The Government is yet to issue a formal public response to Virgin’s request and Virgin has not updated the market since Tuesday, when it confirmed the request had been made.
“Support will be necessary for the industry if this crisis continues indefinitely, to protect jobs and ensure Australia retains a strong, competitive aviation and tourism sector once this crisis is over,” the airline said.
In a note published in mid-March, Boston Consulting Group mulled what would happen if Virgin Australia were to collapse.
It said the likely outcomes include a government bailout resulting in a scaled-back Virgin operation with higher debt, a foreign competitor acquiring Virgin and continuing operations, or a low-cost carrier buying Virgin assets and entering the domestic market to compete with Jetstar.

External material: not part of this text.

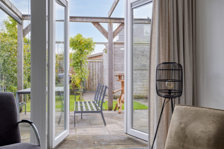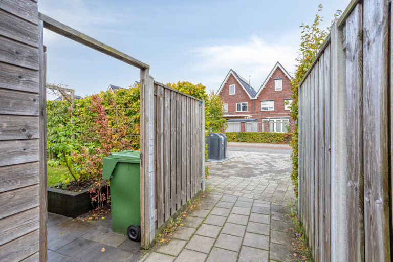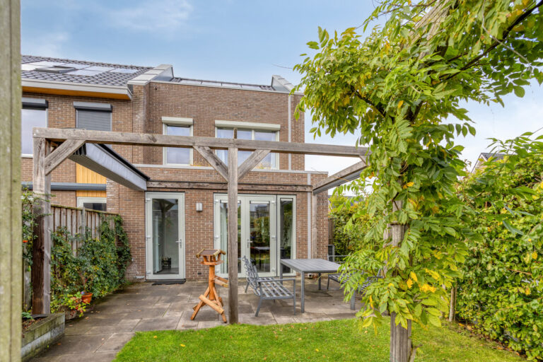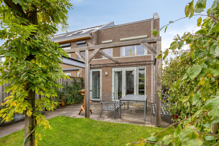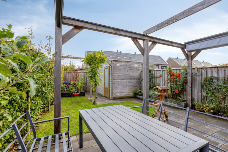 De tuin is gelegen op het zuidoosten. In de tuin kun je genieten van de ochtend en middagzon, of creëer gemakkelijk een plekje in de schaduw onder het doek van de veranda. Een heerlijk plekje! Door de ligging op de hoek profiteer je daarnaast van een extra stuk tuin aan de zijkant. Aan de achterzijde vind je de houten berging en achterom.

Interestingly, Boston Consulting Group says the most favourable outcome for Qantas would actually be the survival of Virgin as it is, allowing it to maintain its position in the market and not facing a new foreign competitor, such as Singapore Airlines.
Airline analyst Tony Webber agrees.
“I actually don’t think Qantas wants Virgin to leave the market. I think Qantas would prefer a two-player market, but a weak second player in the market,” he said.
“Because if it resorts to a one-player market, an effective monopoly, then I think they would be worried about the regulatory scrutiny [on airfares].”